The United Methodist Church on Wednesday removed a ban on gay clergy that was in place for more than 40 years, voting to also allow LGBTQ weddings and end prohibitions on the use of United Methodist funds to “promote acceptance of homosexuality.” 

Overturning the policy forbidding the church from ordaining “self-avowed practicing homosexuals” effectively formalized a practice that had caused an estimated quarter of U.S. congregations to leave the church.

The New York Times notes additional votes “affirming L.G.B.T.Q. inclusion in the church are expected before the meeting adjourns on Friday.” Wednesday’s measures were passed overwhelmingly and without debate. Delegates met in Charlotte, N.C.

According to the church’s General Council on Finance and Administration, there were 5,424,175 members in the U.S. in 2022 with an estimated global membership approaching 10 million.

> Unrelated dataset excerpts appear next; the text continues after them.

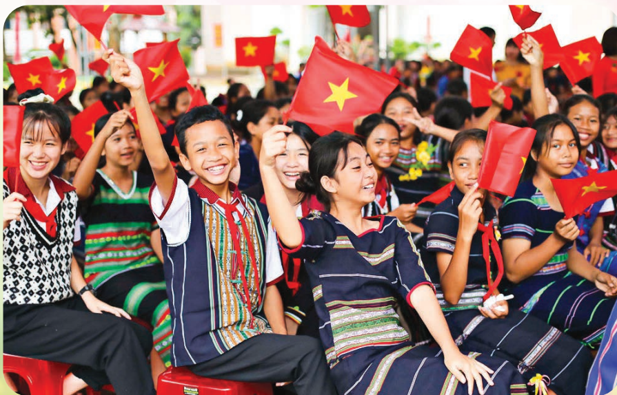
Học sinh Lâm Đồng nô nức trong ngày khai giảng năm học mới.

Đây là hành trình dài, đòi hỏi sự kiên trì và quyết tâm. Nhưng với định hướng chiến lược rõ ràng, cùng nỗ lực của toàn xã hội, giáo dục Việt Nam hoàn toàn có thể tạo nên những bước tiến mới, đóng góp quan trọng cho sự phát triển bền vững đất nước.
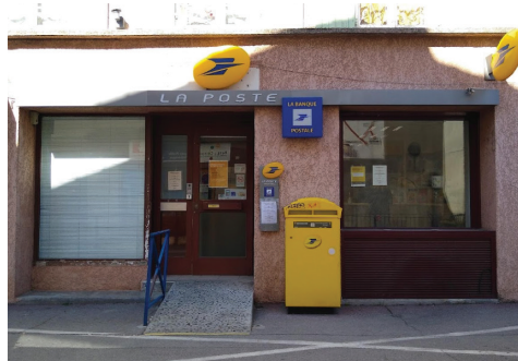
La Poste veut encore réduire les horaires d'ouverture du bureau de Villeneuve-de-Berg.

Le conseil municipal, arguant de la mobilisation pour redynamiser le centre-bourg, a fermement demandé à La Poste de revoir sa position, pointant les incohérences entre des engagements pris au niveau national et une pratique locale loin des problématiques des bourgs ruraux et de leurs habitants.
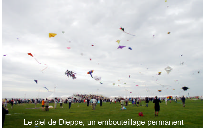
Le ciel de Dieppe, un embouteillage permanent

Si je conseille à tous, y compris les béotiens en la matière, d'aller une fois dans leur vie assister à cette fête,
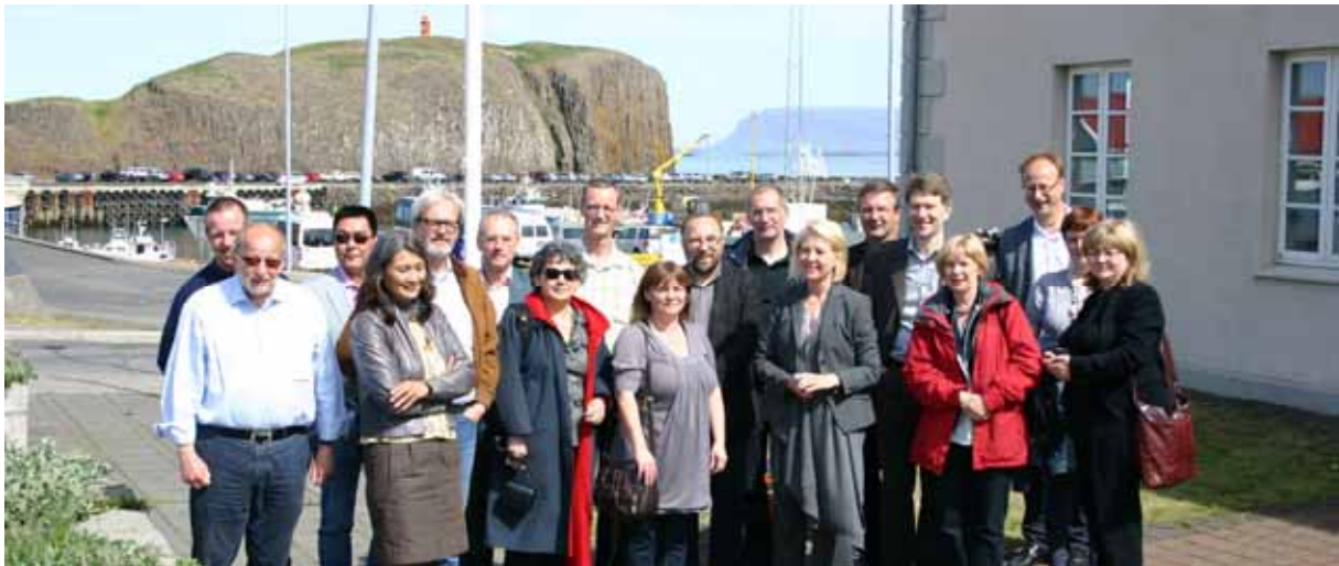
Þjóðminjavarðafundur í Stykkishólmi
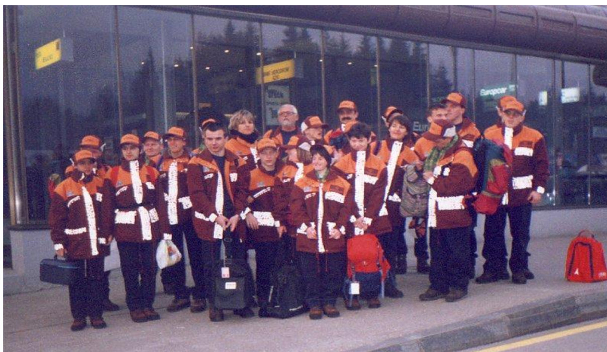
Slika 8: Toronto 1997

V Tabeli 13 so navedeni vsi slovenski tekmovalci v Torontu 1997.

The Times notes that other matters of business last week included a “regionalization” plan, which gave autonomy to different regions such that they can establish their own rules on matters including issues of sexuality — about which international factions are likelier to have more conservative views.

Rev. Kipp Nelson of St. Johns’s on the Lake Methodist Church in Miami shared a statement praising the new developments:

“It is a glorious day in the United Methodist Church. As a worldwide denomination, we have now publicly proclaimed the boundless love of God and finally slung open the doors of our church so that all people, no matter their identities or orientations, may pursue the calling of their hearts.

“Truly, all are loved and belong here among us. I am honored to serve as a pastor in the United Methodist Church for such a time as this, for our future is bright and filled with hope. Praise be, praise be.”